Sur la demande de dommages et intérêts pour licenciement sans cause réelle et sérieuse
Vu l’article L. 1235-3 du code du travail,
Compte tenu notamment des circonstances de la rupture, du montant de la rémunération versée au salarié, de son âge, de son ancienneté, de sa capacité à retrouver un nouvel emploi eu égard à sa formation et à son expérience professionnelle et des conséquences du licenciement à son égard, tels qu’ils résultent des pièces et des explications fournies, il y a lieu de fixer la créance de M. [S] au passif de la société [18] à la somme de 3 000 euros brut à titre d’indemnité pour licenciement sans cause réelle et sérieuse.

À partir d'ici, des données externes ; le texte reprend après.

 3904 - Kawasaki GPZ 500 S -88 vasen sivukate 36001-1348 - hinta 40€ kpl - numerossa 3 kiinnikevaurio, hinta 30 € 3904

Sur les intérêts au taux légal
Les créances relatives au titre du rappel de salaire pour la mise à pied à titre conservatoire et des indemnités compensatrices de préavis produiront intérêts au taux légal à compter du 20 novembre 2020, date de la réception par la société [18] de la convocation devant le bureau de conciliation et d’orientation du conseil de prud’hommes, étant rappelé que le cours des intérêts légaux est interrompu par le jugement d’ouverture de la procédure de redressement judiciaire.
Sur les dépens et l’article 700 du code de procédure civile
Le jugement sera infirmé en ce qu’il a condamné M. [S] aux dépens ainsi qu’au paiement de la somme de 100 euros au titre de l’article 700 du code de procédure civile.

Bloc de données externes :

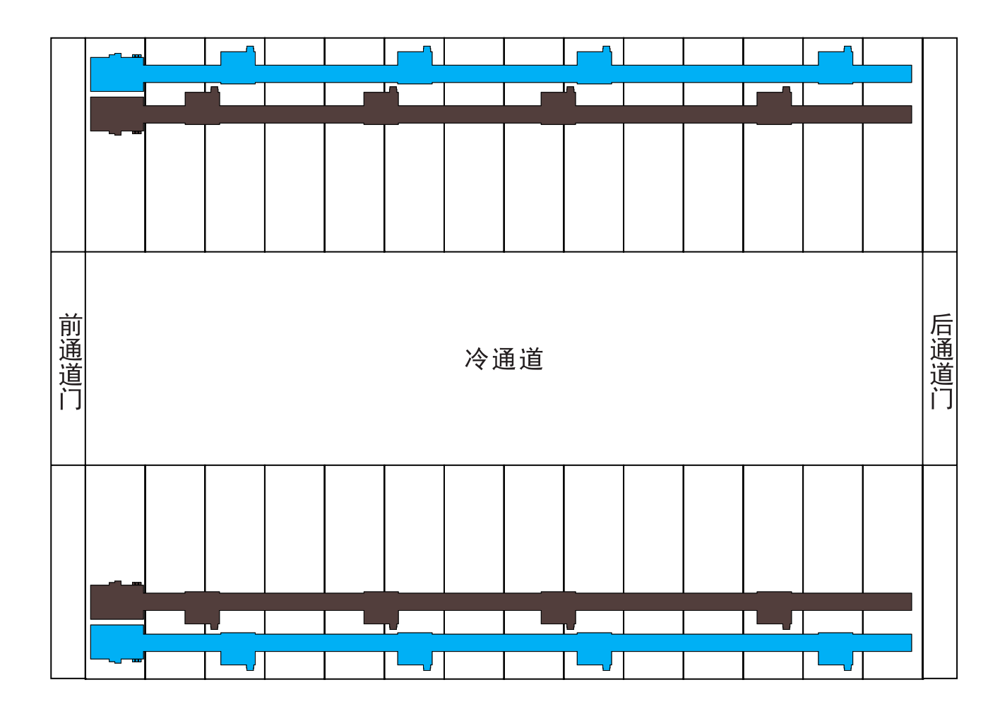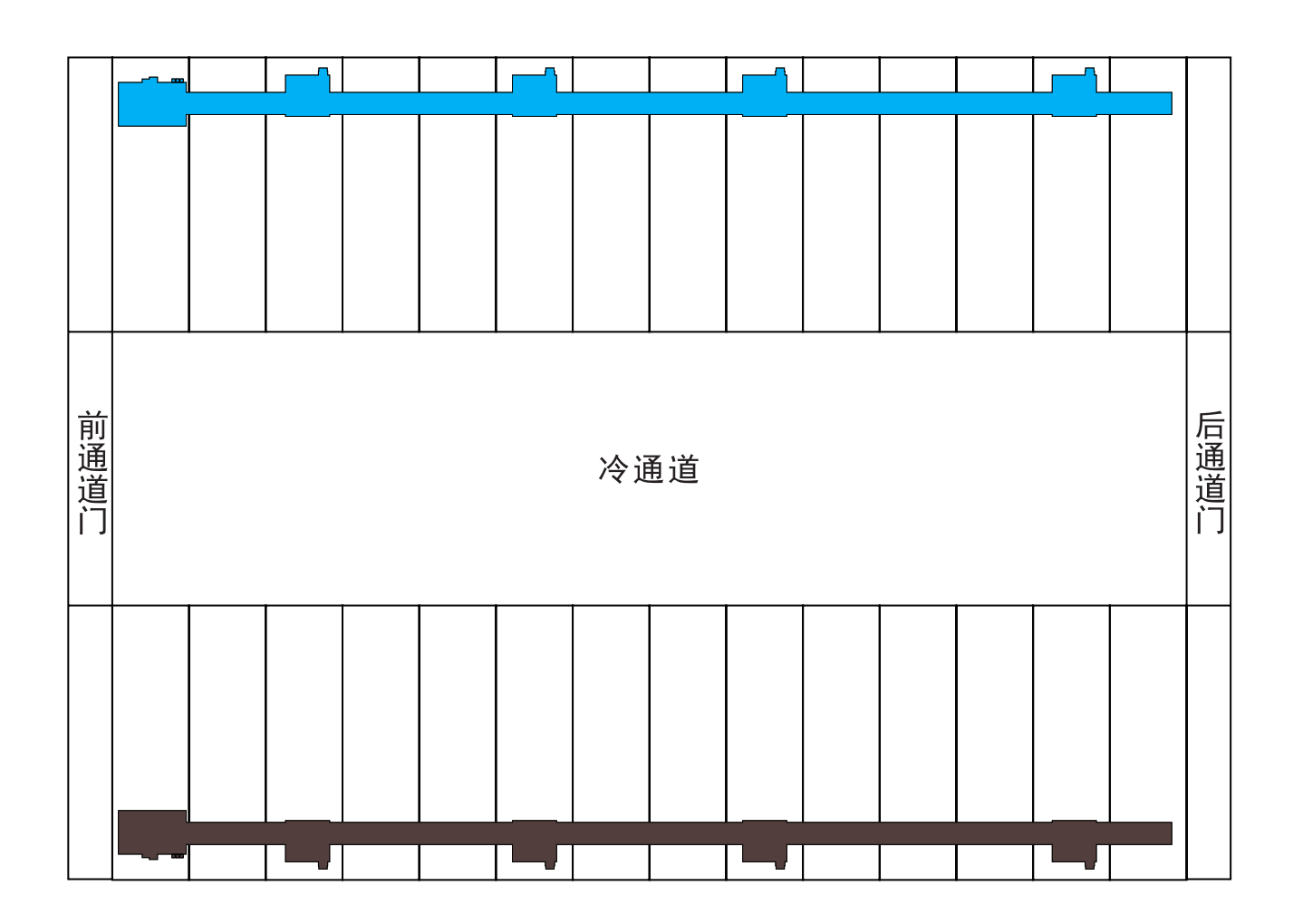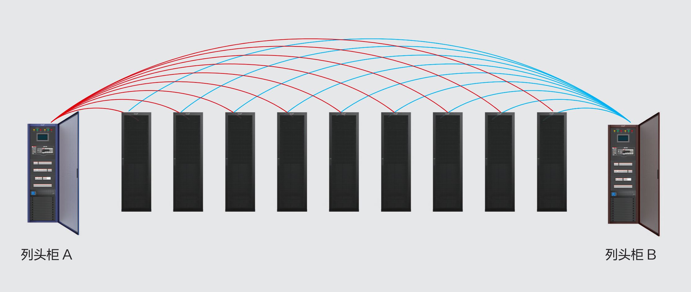 A/B路2N配置(蓝 /棕),每条含两条母线,只需给本列机柜供电。

La créance de M. [S] au passif de la société [18] sera fixée aux dépens de première instance et d’appel ainsi qu’à la somme de 2 500 euros au titre de l’article 700 du code de procédure civile. La S.E.L.A.R.L. [13] et la S.E.L.A.R.L. [20] seront par ailleurs déboutées de la demande présentée sur ce fondement.
PAR CES MOTIFS
La cour, statuant par mise à disposition au greffe par arrêt réputé contradictoire, après en avoir délibéré conformément à la loi,
INFIRME le jugement du conseil de prud’hommes de Colmar du 30 janvier 2023 en toutes ses dispositions soumises à la cour ;
Statuant à nouveau des chefs infirmés et y ajoutant,
DIT que le licenciement de M. [G] [S] est dépourvu de cause réelle et sérieuse ;
FIXE la créance de M. [G] [S], inscrite au passif de la procédure de redressement judiciaire de la S.A.R.L. [18], aux sommes suivantes :
* 499,13 euros brut (quatre cent quatre-vingt-dix-neuf euros et treize centimes) à titre de rappel de salaire pour la période de mise à pied à titre conservatoire,
* 49,91 euros brut (quarante-neuf euros et quatre-vingt-onze centimes) au titre des congés payés afférents au rappel de salaire pour la période de mise à pied à titre conservatoire,
*1839,84 euros brut (mille huit cent trente-neuf euros et quatre-vingt-quatre centimes) au titre de l’indemnité compensatrice de préavis,
* 183,98 euros brut (cent quatre-vingt-trois euros et quatre-vingt-dix-huit centimes) au titre de l’indemnité compensatrice de congés payés sur préavis,
* 824,10 euros net (huit cent vingt-quatre euros et dix centimes) au titre de l’indemnité légale de licenciement,
* 3 000 euros brut (trois mille euros) à titre d’indemnité pour licenciement sans cause réelle et sérieuse ;
DIT que les créances relatives au rappel de salaire pour la mise à pied à titre conservatoire et aux indemnités compensatrices de préavis produiront intérêts au taux légal à compter du 20 novembre 2020 ;
RAPPELLE que le cours des intérêts légaux est arrêté par le jugement d’ouverture de la procédure de redressement judiciaire ;
DÉCLARE l’arrêt opposable au [16] [Localité 21] [1] ;
FIXE les dépens de première instance et d’appel au passif de la procédure de redressement judiciaire de la S.A.R.L. [18] ;
FIXE la créance de M. [G] [S] au passif de la procédure de redressement judiciaire de la S.A.R.L. [18] à la somme de 2 500 euros (deux mille cinq cents euros) au titre de l’article 700 du code de procédure civile ;
DÉBOUTE la S.E.L.A.R.L. [13] et la S.E.L.A.R.L. [20] de leur demande au titre de l’article 700 du code de procédure civile.